For the NIR spectrum images, our model’s performance demonstrates an enhancement, with PSNR increases of 1.80, 1.67, and 1.37 dB across the NIR channels, culminating in an average PSNR gain of 1.61 dB. The MSE is reduced by 33.0%, and the 95% DSSIM sees a 10.8% increase. The color difference improvement in the NIR channels, indicated by 95% $Δ E$ , is 16.6%. These results highlight our model’s superior demosaicing capabilities over bilinear methods for both visible and NIR spectrums (see Table 2). However, the performance on NIR images suggests room for improvement, likely due to the model being primarily trained on visible spectrum images.

3.3.

Preclinical Evaluation of Residual CNNs for Color and NIR Image Demosaicing

Expanding our model to include pre-clinical animal studies, we evaluated it using a publicly available dataset featuring three pairs of unmosaiced visible and NIR in vivo images of female mice with breast tumors (4T1, American Type Culture Collection, Rockville, Maryland, United States), introduced subcutaneously and grown to a diameter of 1 cm. To highlight the breast tumors with NIR fluorescence, each mouse received an injection of IRDye 800CW Maleimide ( $100 μ L$ at $11.91 μ g$ per mL in phosphate-buffered saline) into the retro-orbital sinus, allowing for tumor accumulation over 24 h. Image collection was performed using a custom camera equipped with three stacked photon detectors and an excitation filter to omit NIR excitation light. Visible images were captured under white light, and NIR images were obtained under infrared illumination (I0785MU6000M4S, Innovative Photonic Solutions, Plainsboro, New Jersey, United States).
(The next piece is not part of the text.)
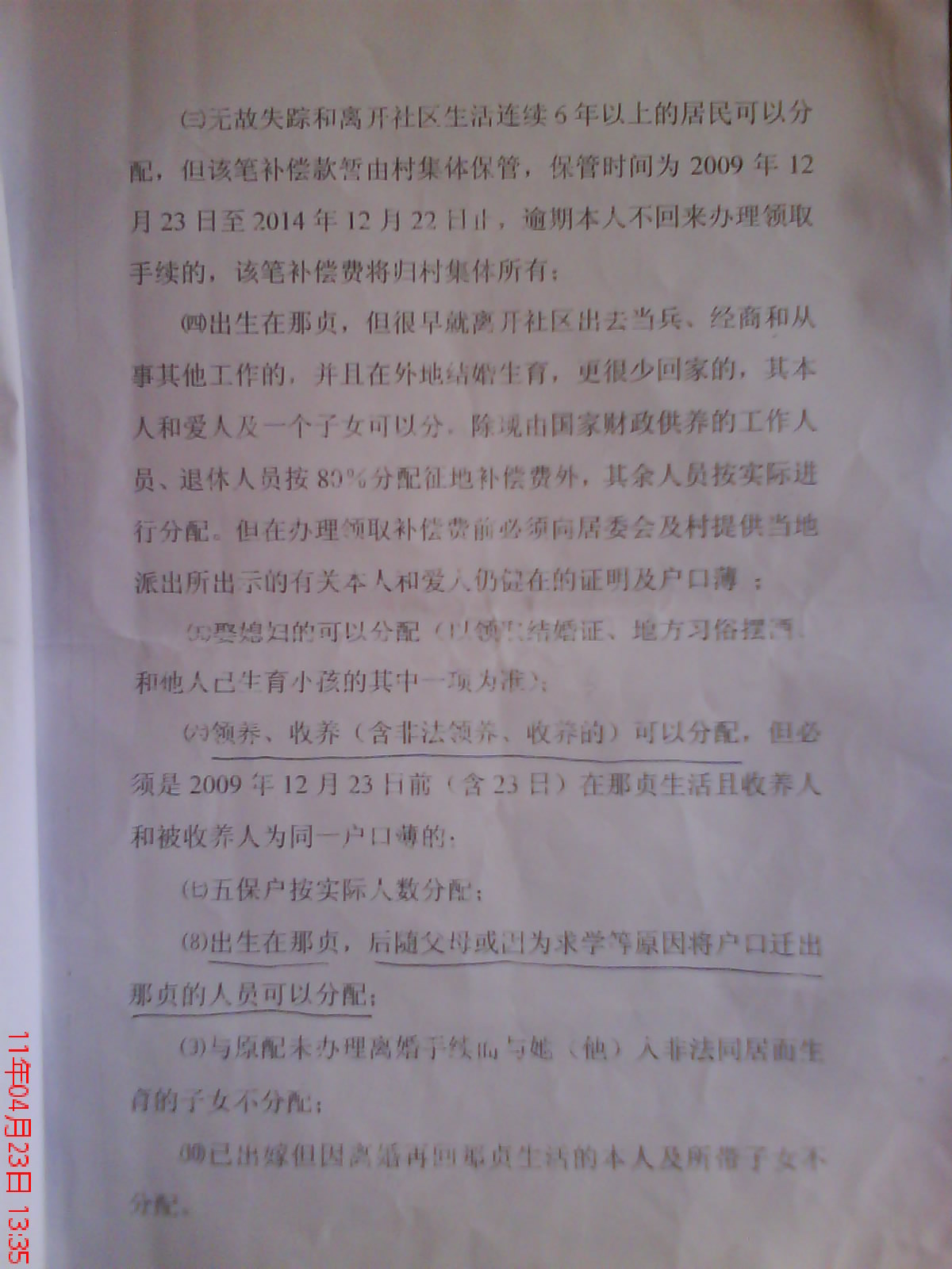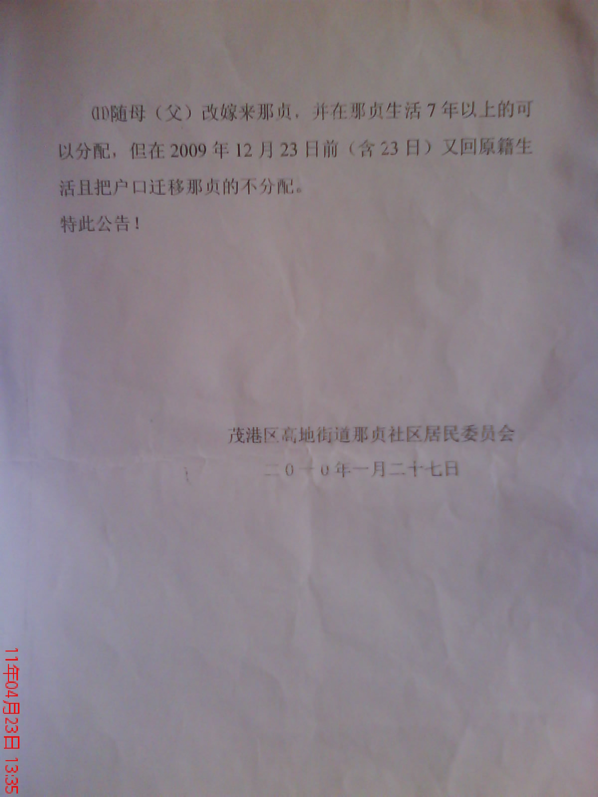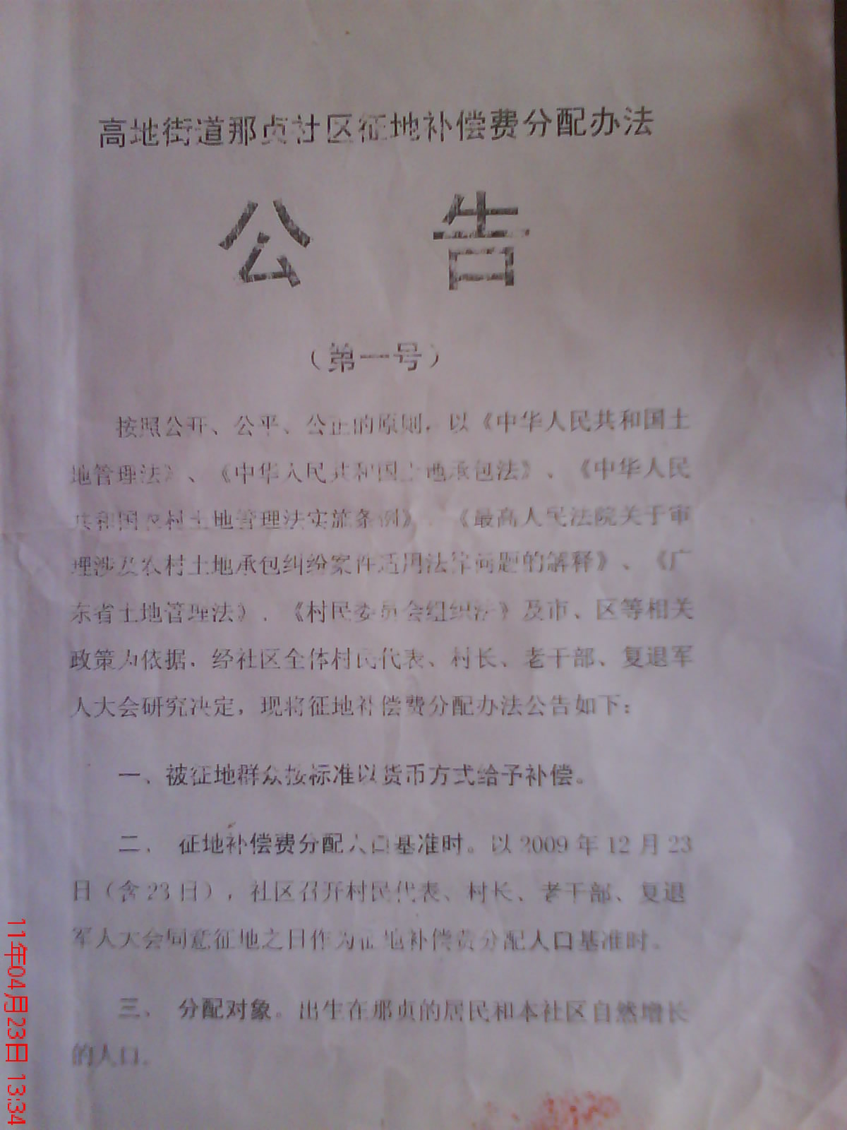在于2009年12月23日(含23日)那贞社区征收民用海田,同时出份文件《高地街道那贞社区征地补尝费分配方法》,并在2009年12月23日量土地。

Applying our model to this dataset yielded notable enhancements across various metrics for both visible and NIR images (see Fig. 4). The PSNR saw increases of 2.15, 2.26, and 2.00 dB across the color channels, with an average PSNR boost of 2.13 dB for the trio. The CNN model’s reconstruction reduced the MSE by 34.7% compared with the baseline. Similarly, the average DSSIM showed a 37.0% improvement, and the color difference ( $Δ E$ ) was enhanced by 13.6% (see Table 2).

Fig. 4

Side-by-side visual evaluation of demosaicing using bilinear interpolation and the residual CNN approach on an animal model with breast cancer illustrates the advantages. The comparison of color and NIR fluorescence images demonstrates how the CNN demosaicing method uncovers superior high-resolution details compared with the bilinear technique.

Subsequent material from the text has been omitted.